Don't even own a stalk chopper.They are not cheap to own or maintain either.If I was baling more for myself I would maybe own one.And by just raking I take about 50% of it off that field which is about what i need for a yr.

I run a Vermeer 605 SM baler and the teeth don't bend or break!So far anyway.


----------



## Gearclash (Nov 25, 2010)

My logic about rake only vs stalk chopper is that the stalk chopper is made for the job. Custom operaters in my area are resorting to Darf or Rowse rubber tine wheel rakes to reduce the tine breakage. Regular high cap rakes with standard tines just bust tines by the hand full.

Neighbor I bale for found a broken baler tine with the rear tire of his loader. . . a JD mega something tine I think:eek:



> I found a good conventional corn that yields well for me.And its about $100 a bag.So its a win win for me.A little less $ to Monsanto.


Sounds good to me.
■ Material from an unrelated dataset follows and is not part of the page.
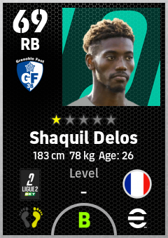 . Shaquil Delos is a Right Back footballer from France who plays for Grenoble Foot 38 in eFootball 2026.

Heard last fall on news program that non bt is making more money per acre now because the widespread use of bt has really limited the borer numbers.


----------



## dairyguyinSEMN (Apr 9, 2011)

I don't own one either, have a neighbor do it for me, and then swap some acres of fall tillage for the stalk chopping. hopefully the guy who does my combining gets his chopping head this year. Want to see for myself how that works out, I make around 3-400 corn stalk bales every year.

I found a small seed company in Wisc., that still has lots of convential corn, called Lemke Seeds.


----------